# Supplied material:
===============

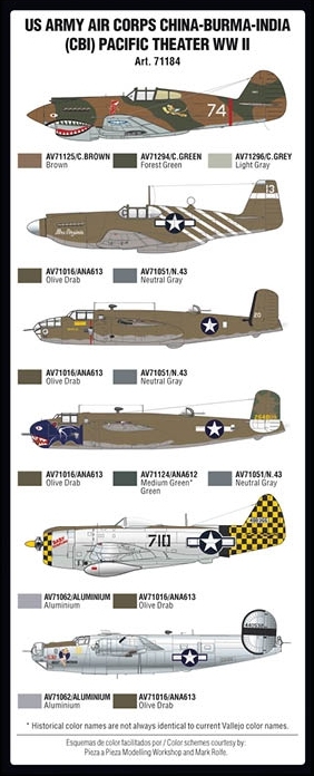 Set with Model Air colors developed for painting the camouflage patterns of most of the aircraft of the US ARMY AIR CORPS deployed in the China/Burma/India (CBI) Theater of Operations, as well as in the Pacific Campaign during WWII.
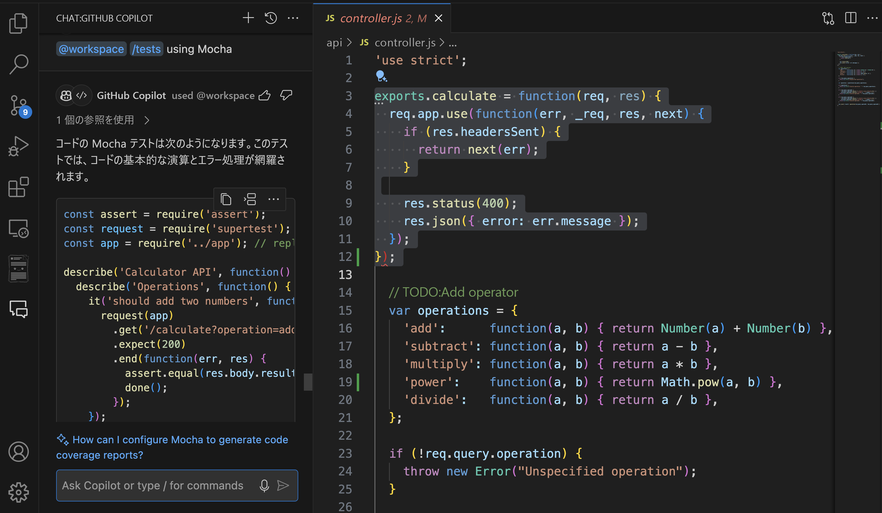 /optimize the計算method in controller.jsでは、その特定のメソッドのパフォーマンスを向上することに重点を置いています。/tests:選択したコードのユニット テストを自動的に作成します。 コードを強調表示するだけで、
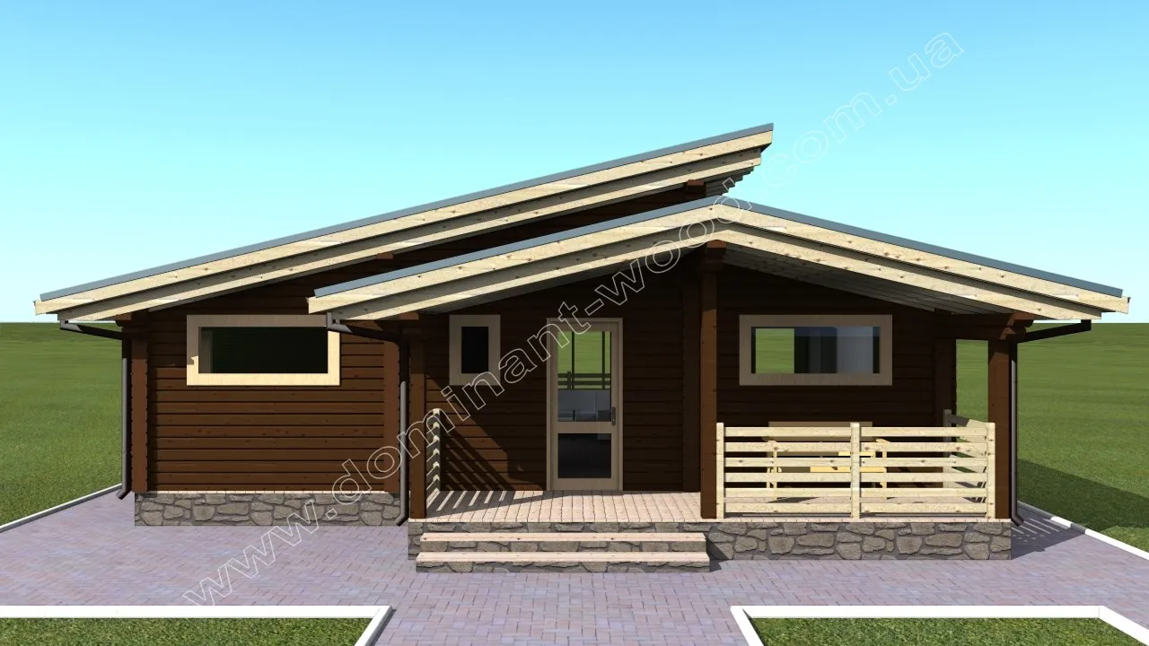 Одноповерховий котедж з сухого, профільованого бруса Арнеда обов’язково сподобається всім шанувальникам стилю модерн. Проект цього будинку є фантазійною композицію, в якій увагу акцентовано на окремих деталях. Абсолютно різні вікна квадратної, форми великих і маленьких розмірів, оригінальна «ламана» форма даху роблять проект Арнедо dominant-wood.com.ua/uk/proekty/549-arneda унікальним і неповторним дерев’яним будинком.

===============

# Exercise:
Full transcription of the material, exact in every line, without images.

# Solved exercise:
 Set with Model Air colors developed for painting the camouflage patterns of most of the aircraft of the US ARMY AIR CORPS deployed in the China/Burma/India (CBI) Theater of Operations, as well as in the Pacific Campaign during WWII.
 /optimize the計算method in controller.jsでは、その特定のメソッドのパフォーマンスを向上することに重点を置いています。/tests:選択したコードのユニット テストを自動的に作成します。 コードを強調表示するだけで、
 Одноповерховий котедж з сухого, профільованого бруса Арнеда обов’язково сподобається всім шанувальникам стилю модерн. Проект цього будинку є фантазійною композицію, в якій увагу акцентовано на окремих деталях. Абсолютно різні вікна квадратної, форми великих і маленьких розмірів, оригінальна «ламана» форма даху роблять проект Арнедо dominant-wood.com.ua/uk/proekty/549-arneda унікальним і неповторним дерев’яним будинком.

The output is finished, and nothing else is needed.